Note: The API calls below have been superceeded with the development of the Event Data project. See the latest API documentation for equivalent functionality

Want to know how many times a Crossref DOI is cited by the Wikipedia?

http://det.labs.crossref.org.turing.library.northwestern.edu/works/doi/10.1371/journal.pone.0086859

Or how many times one has been mentioned in Europe PubMed Central?

http://det.labs.crossref.org.turing.library.northwestern.edu/works/doi/10.1016/j.neuropsychologia.2013.10.021

Or DataCite?

http://det.labs.crossref.org.turing.library.northwestern.edu/works/doi/10.1111/jeb.12289

Background

Back in 2011 PLOS released its awesome ALM system as open source software (OSS). At Crossref Labs, we thought it might be interesting to see what would happen if we ran our own instance of the system and loaded it up with a few Crossref DOIs. So we did. And the code fell over. Oops. Somehow it didn’t like dealing with 10 million DOIs. Funny that.

But the beauty of OSS is that we were able to work with PLOS to scale the code to handle our volume of data.
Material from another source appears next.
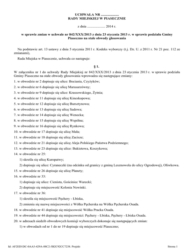 UCHWAŁA NR .................... RADY MIEJSKIEJ W PIASECZNIE z dnia .................... 2014 r. w sprawie zmian w uchwale nr 842/XXX/2013 z dnia 23 stycznia 2013 r. w sprawie podziału Gminy Piaseczno na stałe obwody głosowania Na podstawie art. 13 ustawy z dnia 5 stycznia 2011 r. Kodeks wyborczy (t.j. Dz. U. z 2011 r. Nr 21 poz. 112 ze zmianami), Rada Miejska w Piasecznie, uchwala co następuje: § 1. W załączniku nr 1 do uchwały Rady Miejskiej nr 842/XXX/2013 z dnia 23 stycznia 2013 r. w sprawie podziału Gminy Piaseczno na stałe obwody głosowania wprowadza się następujące zmiany: 1. w obwodzie nr 2 dopisuje się ulice: Bociania, Czyżyków; 2. w obwodzie nr 6 dopisuje się ulicę Marusarzówny; 3. w obwodzie nr 9 dopisuje się ulice: Krassowskiego, Żytnia; 4. w obwodzie nr 11 dopisuje się ulicę Kineskopowa; 5. w obwodzie nr 12 dopisuje się ulicę Bursztynowa; 6. w obwodzie nr 13 dopisuje się ulicę Sadowa; 7. w obwodzie nr 14 dopisuje się ulicę Wenecka; 8. w obwodzie nr 15 dopisuje się ulicę Wspólna; 9. w obwodzie nr 16 dopisuje się ulicę Rynkowa; 10. w obwodzie nr 17 dopisuje się ulicę Mała; 11. w obwodzie nr 18 dopisuje się ulicę Zacisze; 12. w obwodzie nr 21 dopisuje się ulicę Aleja Polskiego Państwa Podziemnego; 13. w obwodzie nr 23 dopisuje się ulice: Bukietowa, Koszykowa; 14. w obwodzie nr 25: 1) skreśla się ulicę Kuropatwy; 2) dopisuje się ulice: Cyraneczki (na odcinku od granicy z gminą Lesznowola do ulicy Ogrodowej), Oliwkowa. 15. w obwodzie nr 26 dopisuje się ulicę Planety; 16. w obwodzie nr 33: 1) dopisuje się ulice: Cienista, Gościniec Warecki; 2) dopisuje się miejscowość Kolonia Nowinki. 17. w obwodzie nr 36: 1) skreśla się miejscowość Pęchery - Łbiska, 2) zmienia się nazwę miejscowości z Wólka Pęcherska na Wólka Pęcherska Osada. 18. w obwodzie nr 41 dopisuje się miejscowość Wólka Pracka Osada. 19. w obwodzie nr 44 dopisuje się miejscowości: Pęchery - Łbiska, Pęchery - Łbiska Osada. 20. w adresach siedzib obwodowych komisji wyborczych dokonuje się następujących zmian: 1) w obwodach od nr 1 do nr 19 dopisuje się miejscowość Piaseczno; Id: AF2ED1DC-0AA5-429A-88C2-5B2C92CC7238. Projekt Strona 1 2) w obwodach od nr 20 do nr 22 skreśla się miejscowość Zalesie Dolne i dopisuje się miejscowość Piaseczno; 3) w obwodach nr 23, 24, 37 i 38 skreśla się miejscowość Gołków i dopisuje się miejscowość Piaseczno; 4) w obwodzie nr 44 dopisuje się ul. Królewska 91. 21. w obwodzie nr 17, w kolumnie siedziba obwodowej komisji wyborczej zmienia się nazwę z Ośrodek Kultury na Centrum Kultury. § 2. Numery i granice stałych obwodów głosowania oraz siedziby obwodowych komisji wyborczych po zmianach, o których mowa w § 1 niniejszej uchwały określa załącznik nr 1. § 3. Uchwała podlega przekazaniu Wojewodzie Mazowieckiemu oraz Komisarzowi Wyborczemu w Warszawie. § 4. Uchwała podlega ogłoszeniu w Dzienniku Urzędowym Województwa Mazowieckiego oraz podaje się ją do wiadomości w sposób zwyczajowo przyjęty tj. poprzez wywieszenie na tablicy ogłoszeń Urzędu Miasta i Gminy Piaseczno oraz poprzez zamieszczenie jej treści w BIP-ie. § 5. Wykonanie uchwały powierza się Burmistrzowi Miasta i Gminy Piaseczno. § 6. Uchwała wchodzi w życie z dniem jej podjęcia. Id: AF2ED1DC-0AA5-429A-88C2-5B2C92CC7238. Projekt Strona 2 Uzasadnienie Przedkładane zmiany mają w zasadzie charakter kosmetyczny. Do utworzonych uchwalą 842/XXX/2013 z dnia 23 stycznia 2013 roku stałych obwodów głosowania dopisuje się ulice niezamieszkałe lub miejscowości wskazane wg. adresów zameldowania wyborców, a nie umieszczone w poprzednim podziale ( poprawki opisane w § 1 w ust. od 1 – 13, 15, 16, 17.2, 18). Zmiana opisana w § 1 ust. 14 spowodowana została zmianą w nazwie ulicy. Zmiana opisana w § 1 ust. 17.1 i 19 – dotyczy przeniesienia miejscowości z obwodu 36 do 44 zmiana ta nie powoduje konieczności dokonania zmian w okręgach wyborczych ( wg. stanu na dzień podjęcia uchwały w 2013 roku zmiana ta dotyczy 86 mieszkańców, 66 wyborców ). W niniejszej uchwale dokonuje się również ujednolicenia adresów przy siedzibach obwodowych komisji wyborczych ( § 1 pkt .20 ). Załącznik nr 1 do niniejszej uchwały zawiera zmiany opisane w niniejszej uchwale. Id: AF2ED1DC-0AA5-429A-88C2-5B2C92CC7238. Projekt Strona 3 Załącznik Nr 1 do Uchwały Nr .................... Rady Miejskiej w Piasecznie z dnia....................2014 r. Nr obwodu głosowania Teren obwodu głosowania 1 Piaseczno ulica: Albatrosów 2 Piaseczno ulice: Bociania, Czyżyków, Strusia, Tukanów 3 Piaseczno ulice: Pawia, Pelikanów 4 Piaseczno ulice: Jabłoniowa, Łabędzia, Mleczarska, Powstańców Warszawy, Raszyńska, Sękocińska, Słowicza, Syrenki, Wiśniowa, Zielony Sad, Złotej Kaczki Piaseczno ulice: Aleja Róż, Sikorskiego 5 6 7 8 9 10 11 Siedziba obwodowej komisji wyborczej Gimnazjum Nr 1, ul. Sikorskiego 20 Piaseczno Gimnazjum Nr 1, ul. Sikorskiego 20 Piaseczno Gimnazjum Nr 1, ul. Sikorskiego 20 Piaseczno Gimnazjum Nr 1, ul. Sikorskiego 20 Piaseczno Szkoła Podstawowa nr 5, ul. Szkolna 14 Piaseczno Piaseczno ulice: Szkoła Podstawowa nr 5, Kusocińskiego, Marusarzówny, Wojska Polskiego od ul. Szkolna 14 nr 1 do nr 7 Piaseczno Piaseczno ulica: Szkoła Podstawowa nr 5, Szkolna ul. Szkolna 14 Piaseczno Piaseczno ulice: Przedszkole nr 4, Fabryczna, Ludowa, Puławska od nr 1 do nr 32E ul. Fabryczna 13 Piaseczno Piaseczno ulice: Przedszkole nr 4, Aleja Lotników, Dworcowa, Jana Pawła II, ul. Fabryczna 13 Kazimierza Jarząbka, Krassowskiego, Piaseczno Poniatowskiego, Saperów, Towarowa, Żytnia Piaseczno ulice: Przedszkole nr 4, Bema, Gen. Grochowskiego, Kniaziewicza, ul. Fabryczna 13 Kościelna, Mochnackiego, Nad Perełką, Piaseczno Nadarzyńska, Wojska Polskiego od nr 8 do końca Piaseczno ulice: Przedszkole nr 11, Energetyczna, Kineskopowa, Puławska od nr 34A do ul. Nefrytowa 14 końca Piaseczno Id: AF2ED1DC-0AA5-429A-88C2-

Crossref contracted with Cottage Labs  and we both worked with PLOS to make changes to the system. These eventually got fed back into the main ALM source on Github. Now everybody benefits from our work. Yay for OSS.

So if you want to know technical details, skip to Details for Propellerheads. But if you want to know why we did this, and what we plan to do with it, read on.

Why?

There are (cough) some problems in our industry that we can best solve with shared infrastructure. When publishers first put scholarly content online, they used to make bilateral reference linking agreements. These agreements allowed them to link citations using each other’s proprietary reference linking APIs. But this system didn’t scale. It was too time-consuming to negotiate all the agreements needed to link to other publishers. And linking through many proprietary citation APIs was too complex and too fragile. So the industry founded Crossref to create a common, cross-publisher citation linking API. Crossref has since obviated the need for bilateral linking arrangements.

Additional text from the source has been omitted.